Your output should be the lines from the one containing "Erb Pirinç Gümüş Renk Tırtıklı Halka Küpe" through the last line below, both ends included, exactly as written and free of pictures.
(INFORMATION SUPPLIED)
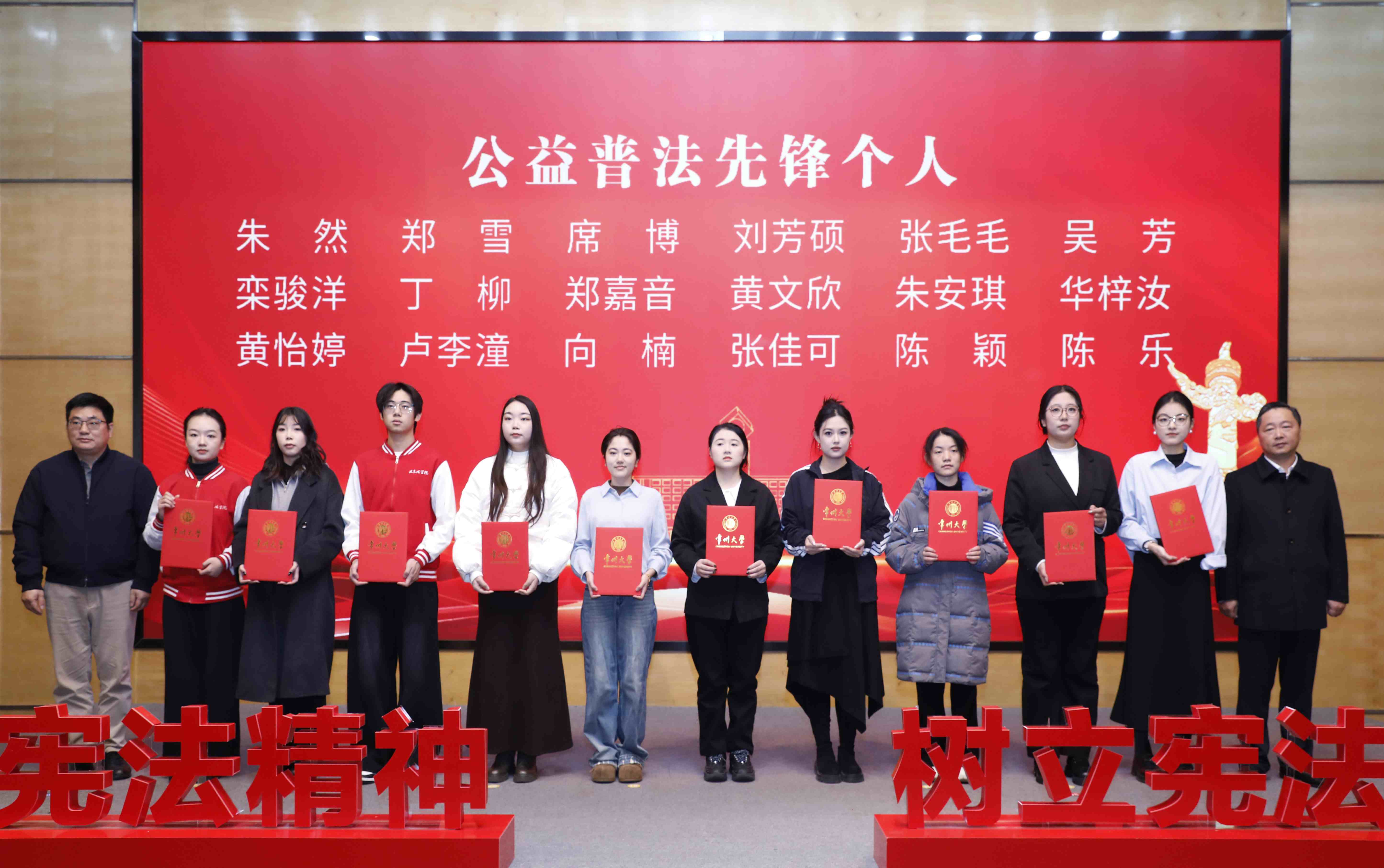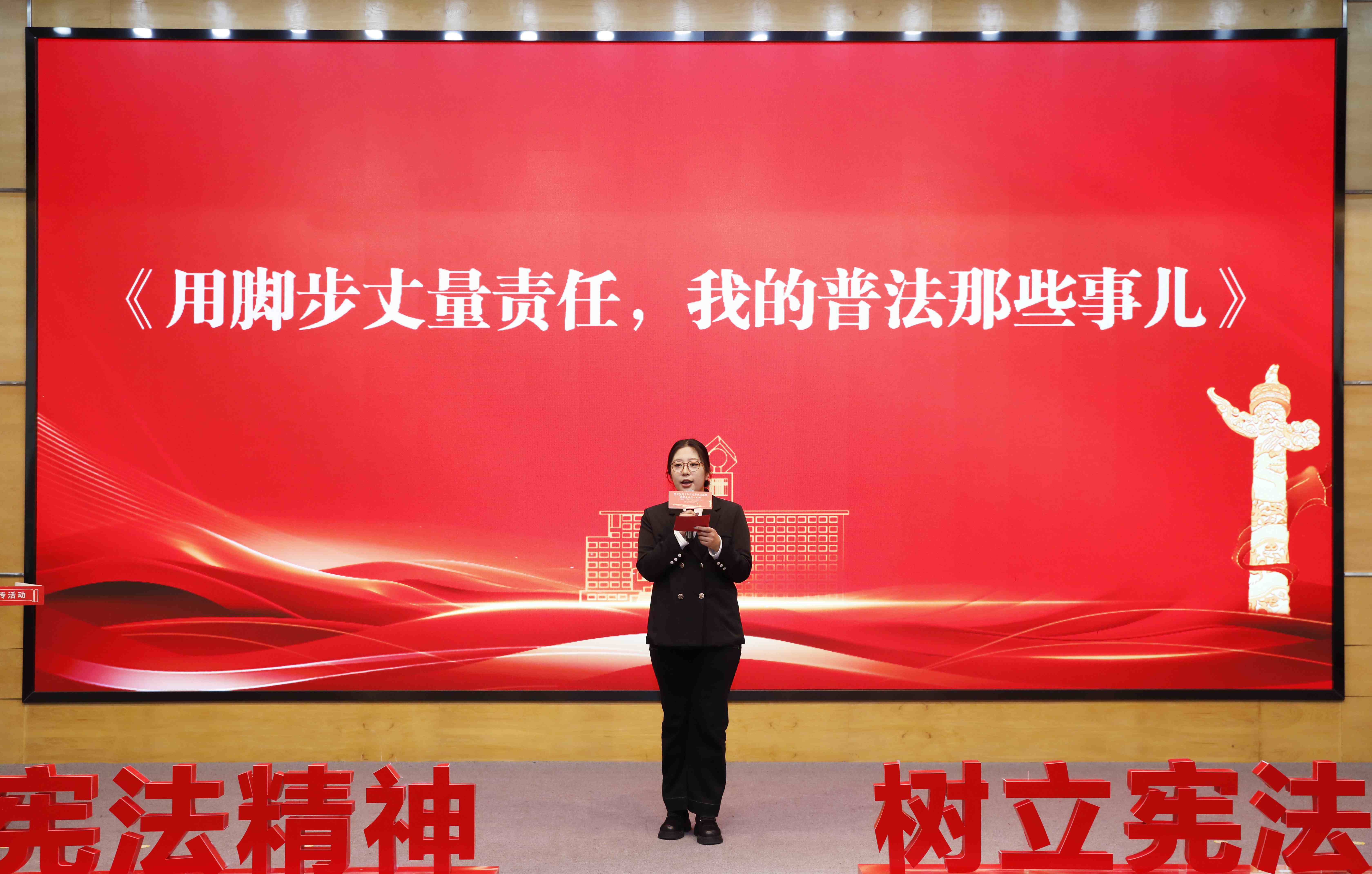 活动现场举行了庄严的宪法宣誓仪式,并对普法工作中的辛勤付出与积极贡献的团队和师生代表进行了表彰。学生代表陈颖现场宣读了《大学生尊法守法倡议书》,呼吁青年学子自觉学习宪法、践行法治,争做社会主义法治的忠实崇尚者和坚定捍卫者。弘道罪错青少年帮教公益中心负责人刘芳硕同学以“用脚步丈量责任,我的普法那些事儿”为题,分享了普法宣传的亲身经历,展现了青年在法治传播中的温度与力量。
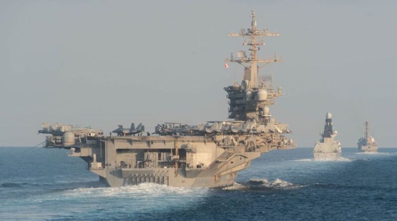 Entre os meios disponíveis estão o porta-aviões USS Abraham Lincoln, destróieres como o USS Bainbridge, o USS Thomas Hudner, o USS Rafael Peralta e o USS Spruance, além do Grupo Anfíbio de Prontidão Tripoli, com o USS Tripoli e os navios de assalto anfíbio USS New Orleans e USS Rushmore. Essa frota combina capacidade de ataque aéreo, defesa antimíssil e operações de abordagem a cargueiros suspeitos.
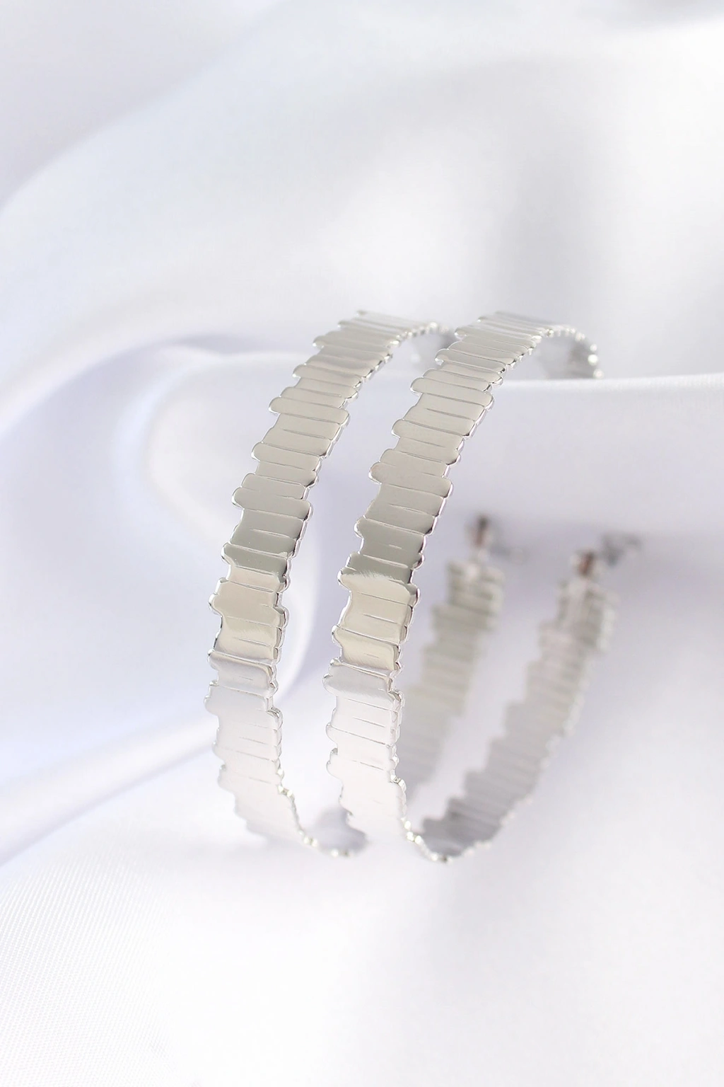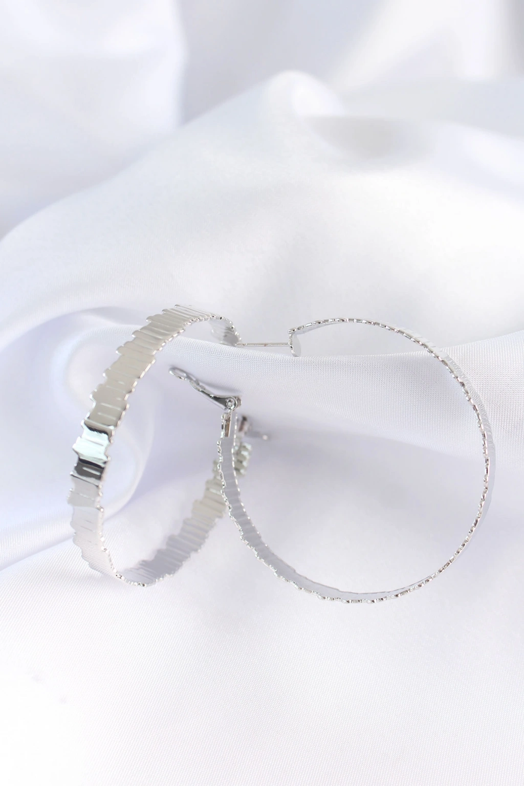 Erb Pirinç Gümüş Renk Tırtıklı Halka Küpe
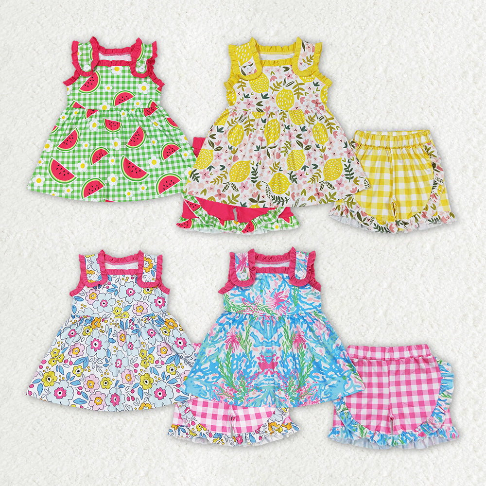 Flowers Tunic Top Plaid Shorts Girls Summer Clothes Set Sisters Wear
(End INFORMATION SUPPLIED)
*SOLUTION TO THE EXERCISE*
 Erb Pirinç Gümüş Renk Tırtıklı Halka Küpe
 Flowers Tunic Top Plaid Shorts Girls Summer Clothes Set Sisters Wear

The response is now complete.